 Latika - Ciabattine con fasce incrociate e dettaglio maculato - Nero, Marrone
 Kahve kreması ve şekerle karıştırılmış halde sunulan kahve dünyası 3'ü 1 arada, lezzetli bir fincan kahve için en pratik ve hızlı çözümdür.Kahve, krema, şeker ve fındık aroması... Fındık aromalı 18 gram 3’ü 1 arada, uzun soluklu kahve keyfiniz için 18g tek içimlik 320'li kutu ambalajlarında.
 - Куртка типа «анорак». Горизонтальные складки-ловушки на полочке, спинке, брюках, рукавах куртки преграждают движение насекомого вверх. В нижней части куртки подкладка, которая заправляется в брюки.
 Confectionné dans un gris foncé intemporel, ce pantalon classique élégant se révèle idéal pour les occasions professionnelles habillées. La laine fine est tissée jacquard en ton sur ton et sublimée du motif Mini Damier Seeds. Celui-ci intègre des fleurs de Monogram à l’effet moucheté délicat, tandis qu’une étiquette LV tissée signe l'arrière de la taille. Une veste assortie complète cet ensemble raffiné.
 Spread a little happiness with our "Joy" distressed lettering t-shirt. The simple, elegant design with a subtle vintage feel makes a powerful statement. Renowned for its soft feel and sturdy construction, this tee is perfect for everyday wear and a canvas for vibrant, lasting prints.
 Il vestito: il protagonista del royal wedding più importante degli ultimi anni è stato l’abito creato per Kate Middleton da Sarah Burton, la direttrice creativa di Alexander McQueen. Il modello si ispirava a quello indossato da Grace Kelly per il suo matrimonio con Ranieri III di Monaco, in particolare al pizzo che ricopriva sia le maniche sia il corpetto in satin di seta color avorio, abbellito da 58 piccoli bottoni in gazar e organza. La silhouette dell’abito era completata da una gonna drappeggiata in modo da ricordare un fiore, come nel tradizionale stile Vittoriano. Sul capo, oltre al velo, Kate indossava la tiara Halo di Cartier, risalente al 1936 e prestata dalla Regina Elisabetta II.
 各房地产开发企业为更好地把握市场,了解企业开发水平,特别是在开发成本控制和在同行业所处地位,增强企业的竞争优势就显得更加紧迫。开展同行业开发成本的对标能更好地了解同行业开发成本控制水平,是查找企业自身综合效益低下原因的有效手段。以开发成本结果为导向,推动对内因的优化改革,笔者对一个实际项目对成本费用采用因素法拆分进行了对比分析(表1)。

──────────

▶ _Assignment_:
Each line of the data must be returned exactly.

▶ _Worked solution_:
 Latika - Ciabattine con fasce incrociate e dettaglio maculato - Nero, Marrone
 Kahve kreması ve şekerle karıştırılmış halde sunulan kahve dünyası 3'ü 1 arada, lezzetli bir fincan kahve için en pratik ve hızlı çözümdür.Kahve, krema, şeker ve fındık aroması... Fındık aromalı 18 gram 3’ü 1 arada, uzun soluklu kahve keyfiniz için 18g tek içimlik 320'li kutu ambalajlarında.
 - Куртка типа «анорак». Горизонтальные складки-ловушки на полочке, спинке, брюках, рукавах куртки преграждают движение насекомого вверх. В нижней части куртки подкладка, которая заправляется в брюки.
 Confectionné dans un gris foncé intemporel, ce pantalon classique élégant se révèle idéal pour les occasions professionnelles habillées. La laine fine est tissée jacquard en ton sur ton et sublimée du motif Mini Damier Seeds. Celui-ci intègre des fleurs de Monogram à l’effet moucheté délicat, tandis qu’une étiquette LV tissée signe l'arrière de la taille. Une veste assortie complète cet ensemble raffiné.
 Spread a little happiness with our "Joy" distressed lettering t-shirt. The simple, elegant design with a subtle vintage feel makes a powerful statement. Renowned for its soft feel and sturdy construction, this tee is perfect for everyday wear and a canvas for vibrant, lasting prints.
 Il vestito: il protagonista del royal wedding più importante degli ultimi anni è stato l’abito creato per Kate Middleton da Sarah Burton, la direttrice creativa di Alexander McQueen. Il modello si ispirava a quello indossato da Grace Kelly per il suo matrimonio con Ranieri III di Monaco, in particolare al pizzo che ricopriva sia le maniche sia il corpetto in satin di seta color avorio, abbellito da 58 piccoli bottoni in gazar e organza. La silhouette dell’abito era completata da una gonna drappeggiata in modo da ricordare un fiore, come nel tradizionale stile Vittoriano. Sul capo, oltre al velo, Kate indossava la tiara Halo di Cartier, risalente al 1936 e prestata dalla Regina Elisabetta II.
 各房地产开发企业为更好地把握市场,了解企业开发水平,特别是在开发成本控制和在同行业所处地位,增强企业的竞争优势就显得更加紧迫。开展同行业开发成本的对标能更好地了解同行业开发成本控制水平,是查找企业自身综合效益低下原因的有效手段。以开发成本结果为导向,推动对内因的优化改革,笔者对一个实际项目对成本费用采用因素法拆分进行了对比分析(表1)。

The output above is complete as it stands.